General Threshold Model for Social Cascades: Analysis and Simulations

Jie Gao, Golnaz Ghasemiesfeh, Grant Schoenebeck, Fang-Yi Yu


Social behaviors and choices spread through interactions and may lead to a cascading behavior. Understanding how such social cascades spread in a network is crucial for many applications ranging from viral marketing to political campaigns. The behavior of cascade depends crucially on the model of cascade or social influence and the topological structure of the social network.

In this paper we study the general threshold model of cascades which are parameterized by a distribution over the natural numbers, in which the collective influence from infected neighbors, once beyond the threshold of an individual u, will trigger the infection of u. By varying the choice of the distribution, the general threshold model can model cascades with and without the submodular property.
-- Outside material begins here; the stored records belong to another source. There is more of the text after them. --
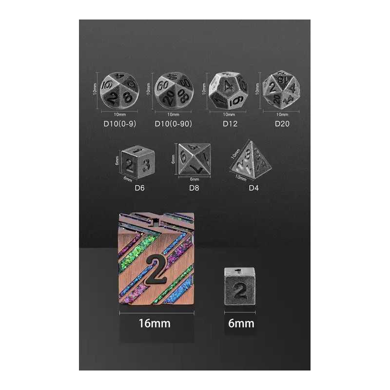 Zestaw siedmiu metalowych kości do gier fabularnych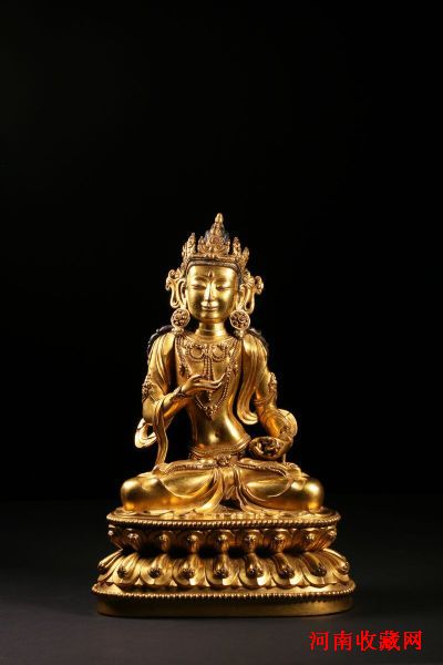 金刚萨埵是佛教密宗极为推崇的圣尊,他的身份具有双重特征。金刚萨埵有时作为菩萨出现,而在密教教义中,他又常常作为诸佛的统摄,具有法身的含义。此尊金刚萨埵腰肢微扭,金刚跏趺坐於仰覆莲台上。面相丰满端正,宽额,五官舒展匀称,眼睑略俯视,表情静穆柔和,略含笑意。头戴宝冠,束发高髻。冠带於耳後系扇形花结。垂下的发束搭於两肩,上有翻卷如小波浪的发卷。项圈下缀U字形连珠式璎珞,双肩宽厚,腰部收束,躯体柔软饱满。下身着长裙,腰间束带,腰带下仍以U字形连珠式璎珞装饰,手足处饰有钏躅。金刚萨埵结跏趺端坐於莲座上,右手当胸执金刚杵一端,左手持铃置於腰部,体态优美大方。莲座为束腰式,上下边缘各饰一周连珠纹,莲花瓣宽大饱满,周匝环绕,对称分布。莲座前方刻有“大明永乐年施”款识,为明代永乐年间宫廷制作的佛像。而面相独特、持物完好无损、全身镀金亮丽则是此像最突出的优点。作品整体造型完美,风格成熟,装饰繁缛,工艺精细,充分展现了明代宫廷艺术的精致与典雅。
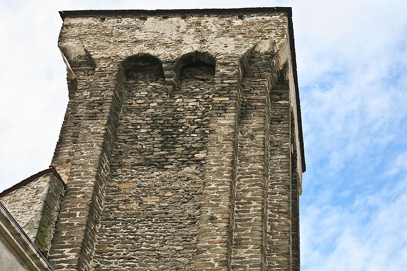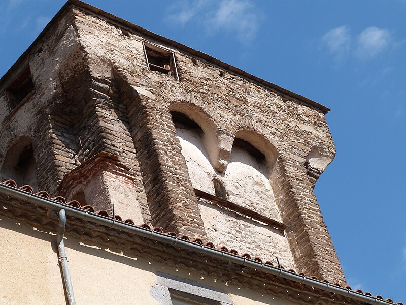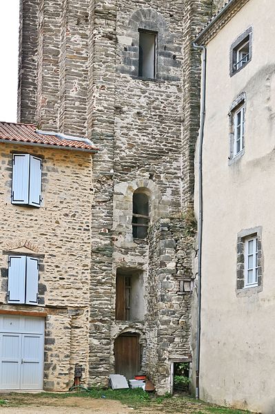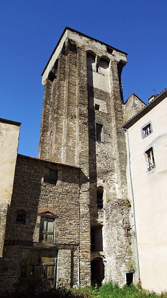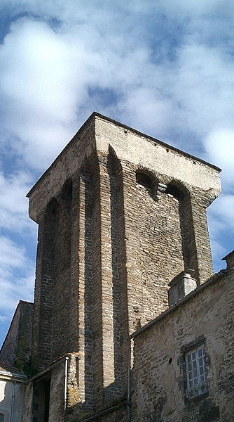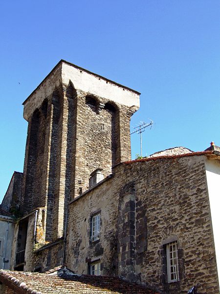 La tour, partie intégrante de l'ancien château, est un donjon de plan rectangulaire haut de 26 mètres. Huit contreforts renforcent ses angles et des mâchicoulis, soutenus entre ces contreforts, reposent sur des arcs jumeaux portés par des consoles médianes formées d'assises en encorbellement. L'ouvrage devait comprendre trois étages, dont deux voûtés en berceau, la première voûte en plein cintre et la seconde en arc brisé. Les planchers qui recouvraient ces voûtes communiquent encore par un escalier aménagé dans l'épaisseur des murs.

In fact, the general threshold model captures many previously studied cascade models as special cases, including the independent cascade model, the linear threshold model, and k-complex contagions.

We provide both analytical and experimental results for how cascades from a general threshold model spread in a general growing network model, which contains preferential attachment models as special cases. We show that if we choose the initial seeds as the early arriving nodes, the contagion can spread to a good fraction of the network and this fraction crucially depends on the fixed points of a function derived only from the specified distribution. We also show, using a coauthorship network derived from DBLP databases and the Stanford web network, that our theoretical results can be used to predict the infection rate up to a decent degree of accuracy, while the configuration model does the job poorly.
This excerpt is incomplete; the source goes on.